See the gallery of stimuli.
This data set contains the measusrement of the psychometric function. The function describes how the probability of detection (y-axis) is related to the physical contrast of a stimulus (x-axis). The stimulus is a 9 cpd grating.
The blue crosses on the plot represent measurements, the red continous line is the fit of the psychometric function (Eq. 17 in the HDR-VDP-2 paper), and green circles are the prediction of the visual metric.

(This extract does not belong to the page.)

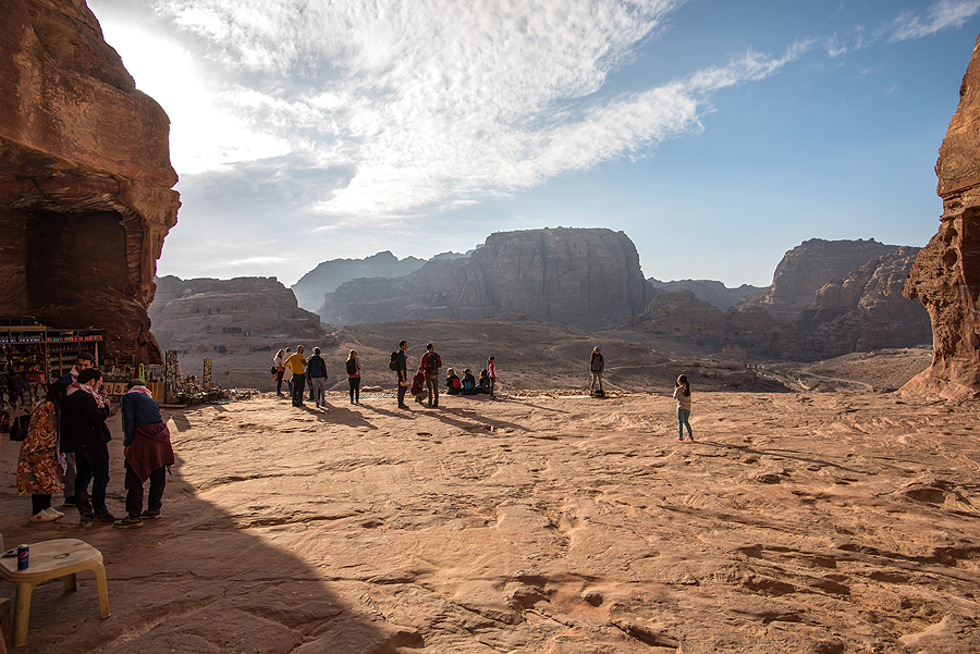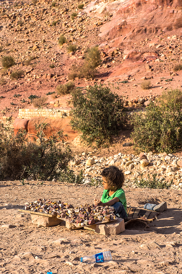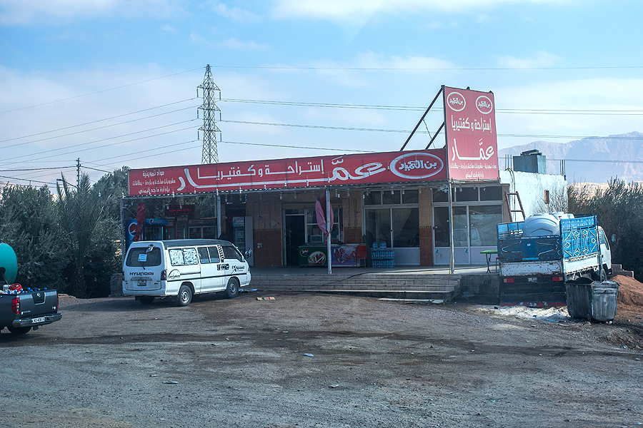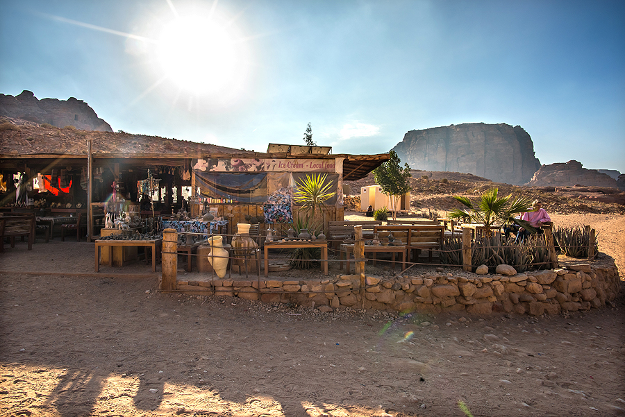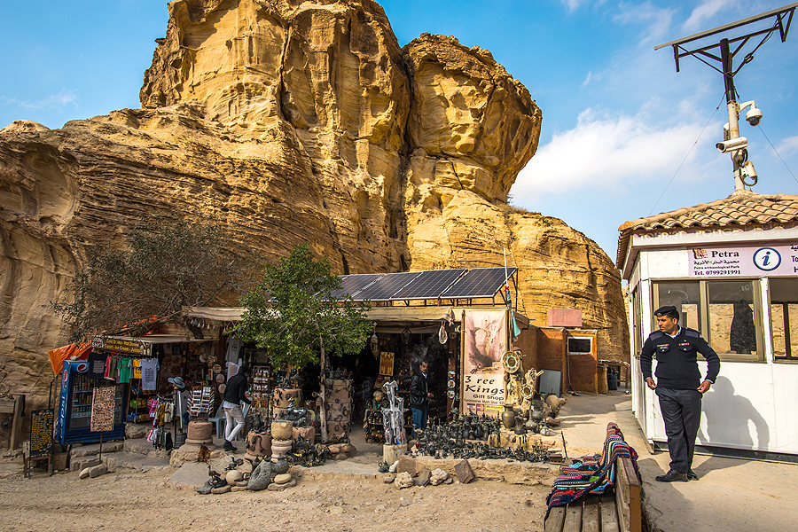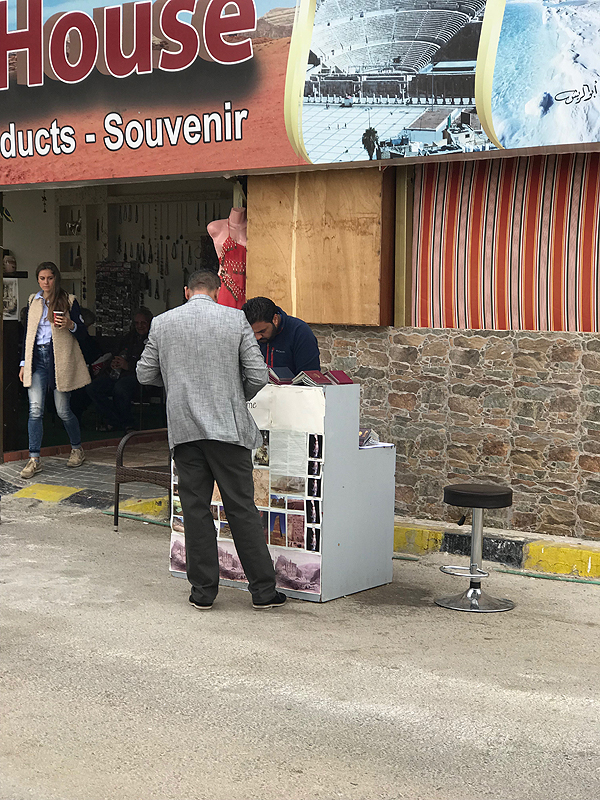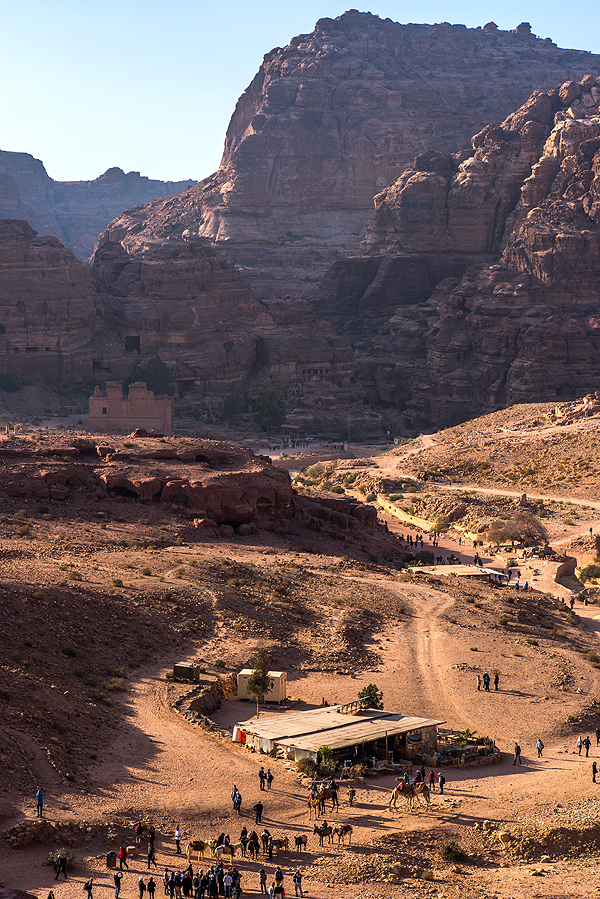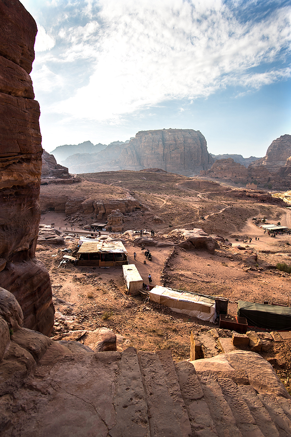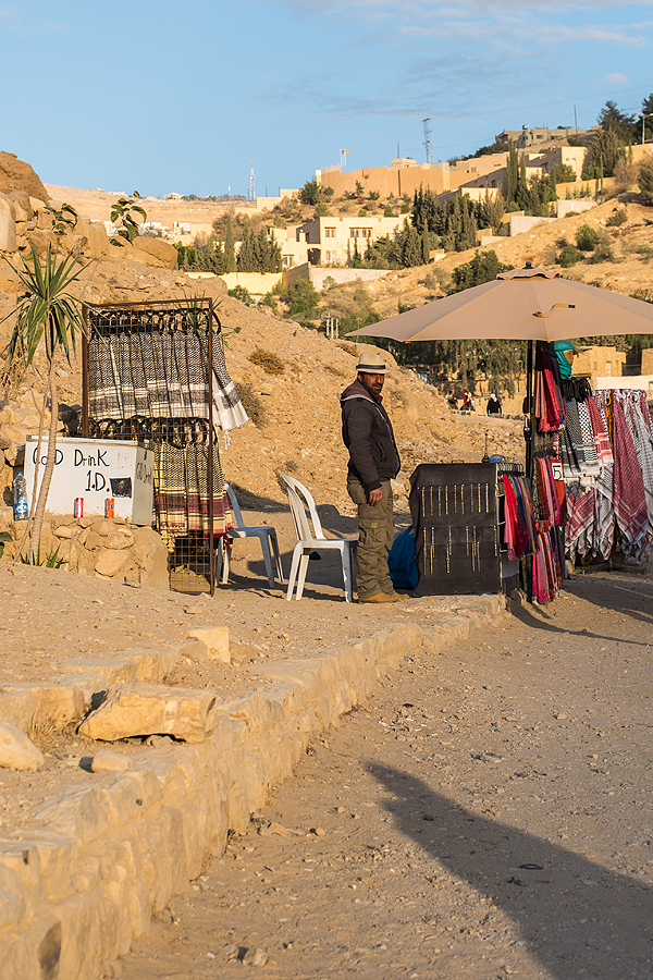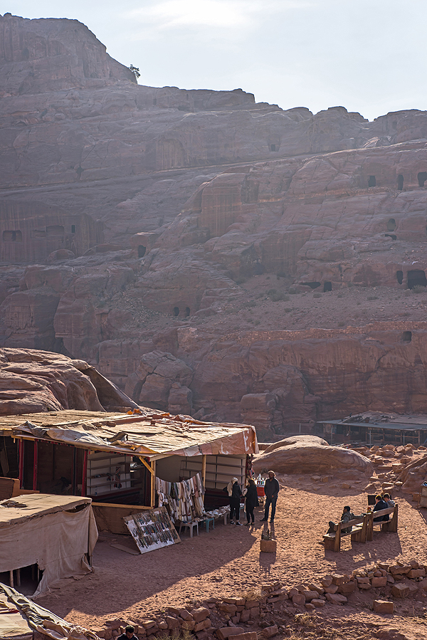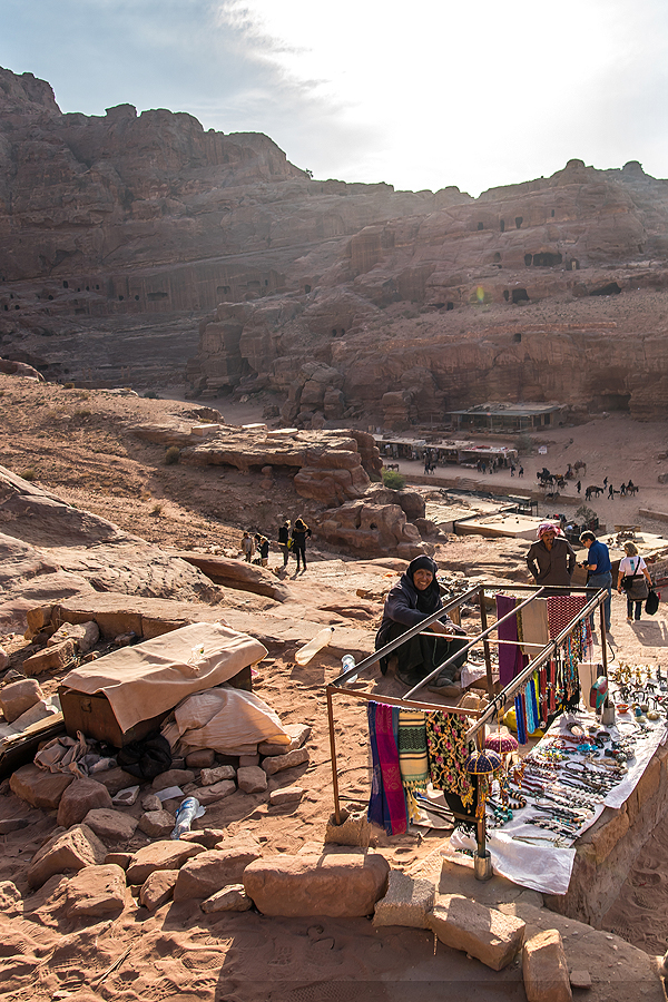 Stojam prie bariuko-užeigėlės su Petros miesto panorama iš viršaus ir turim galimybę fotografuoti, kiek telpa. Bariuke vaišina maistais, o kavą turim pirkti už dinarą ar mažiau, neįstrigo...Nusiperku kavos, ji specifinio, bet malonaus skonio, su kardamonu. Ją darė tokia moteris kaip iš filmų, su skarom, juodom akim ir nekalbanti nė žodžio angliškai, užtat dantys balti balti, šypsojosi. Užlipu ant stogo, padarau keletą kadrų. Viduje - pilna įvairiausių suvenyrų, krūvomis, nuo kilimų iki mažų statulėlių. Bet aš jau viską turiu.

The data was reproduced from: Nachmias J, Sansbury RV. Letter: Grating contrast: discrimination may be better than detection. Vision research. 1974;14(10):1039-42.link; Figure 2, data 9 cpd grating, observer CS, open symbols curve (detection).
This is the original Visual Difference Predictor based on corresponence with the author and the book chaper: Daly, S. "The Visible Differences Predictor: An Algorithm for the Assessment of Image Fidelity." In Digital Images and Human Vision, edited by Andrew B. Watson, 179-206. MIT Press, 1993.
The metric uses the default parameters from the paper except the masking slope, set to 0.9 for all bands, which was found from fitting the metric to the masking data sets. One optional component in the VDP is computing contrast in the cortex filtered images, which could be either global or local. This version uses global contrast.
The metric also includes an improved variation of the phase uncertainty, as described in: Lukin, A. "Improved Visible Differences Predictor Using a Complex Cortex Transform." In International Conference on Computer Graphics and Vision (GraphiCon), 2009. Phase uncertainty is not mentioned in the '93 book chapter, but is described in the patent application. The method proposed by Lukin achieves the same goals as phase uncertainty but is more elegant and efficient than the approach described in the patent.